Racial Disparities Persist in Curative Treatment for Early-Stage NSCLC Among Medicare Beneficiaries
Why It Matters
The enduring treatment gap signals systemic inequities that threaten outcomes for a vulnerable Medicare population and underscores the need for targeted health‑equity interventions.
Key Takeaways
- •Black Medicare patients receive fewer curative surgeries than Whites
- •Surgical gap widened from 2005 to 2019
- •Radiotherapy use equalized across races by 2019
- •SBRT adoption gap narrowed but remains
- •Black patients show higher comorbidities and frailty
Pulse Analysis
Early‑stage non‑small cell lung cancer (NSCLC) remains one of the few cancers where curative intent—surgery or high‑dose radiotherapy—can dramatically improve survival. Over the past two decades, the therapeutic landscape has expanded with minimally invasive surgery and stereotactic body radiotherapy (SBRT) offering alternatives for older, frail patients. Yet, the promise of these advances is unevenly realized; historically, Black patients have faced barriers to surgical care, a trend that recent Medicare data confirms is persisting.
The JAMA Network Open analysis of SEER‑Medicare claims reveals a stark, widening chasm in surgical treatment: Black beneficiaries’ resection rates dropped from 52.3% to 43.7% while White beneficiaries fell from 65.9% to 53.1% over three time periods.

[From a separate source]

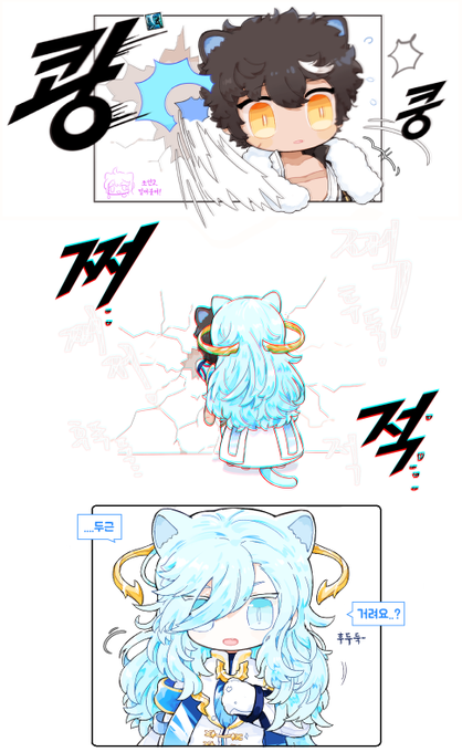 지각벌로 민레,.,.,,지각해서 화난 도미니가 리퀘였는데 생각나는게 고양이뿐
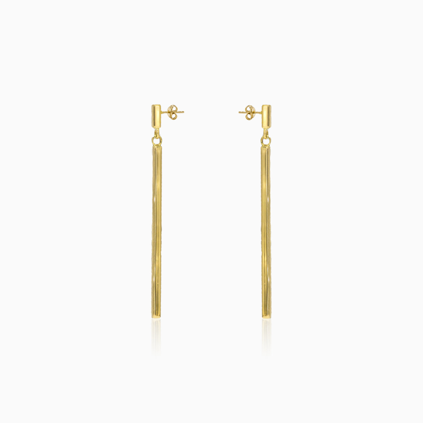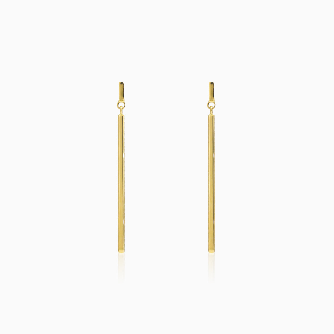 Rehaussez votre style avec ces boucles d’oreilles longues géométriques pendantes en or jaune 14 carats. Un mélange parfait d’élégance et de modernité.

Radiotherapy adoption, by contrast, rose uniformly, reaching parity at 32.6% for both races by 2019. SBRT, a newer curative modality, initially lagged for Black patients but narrowed to a non‑significant difference by the latest cohort. These patterns suggest that diffusion of non‑surgical options may be more equitable than surgical pathways, highlighting the role of technology adoption and provider referral patterns.
Persisting gaps point to deeper structural factors—higher comorbidity burdens, frailty, and limited social support among Black patients—combined with unmeasured socioeconomic and cultural influences. Policymakers and health systems must prioritize culturally competent navigation, bias training, and value‑based reimbursement models that incentivize equitable access. Future research should integrate patient‑reported outcomes and socioeconomic data to untangle the drivers of disparity, ensuring that Medicare’s expanding therapeutic arsenal benefits all beneficiaries regardless of race.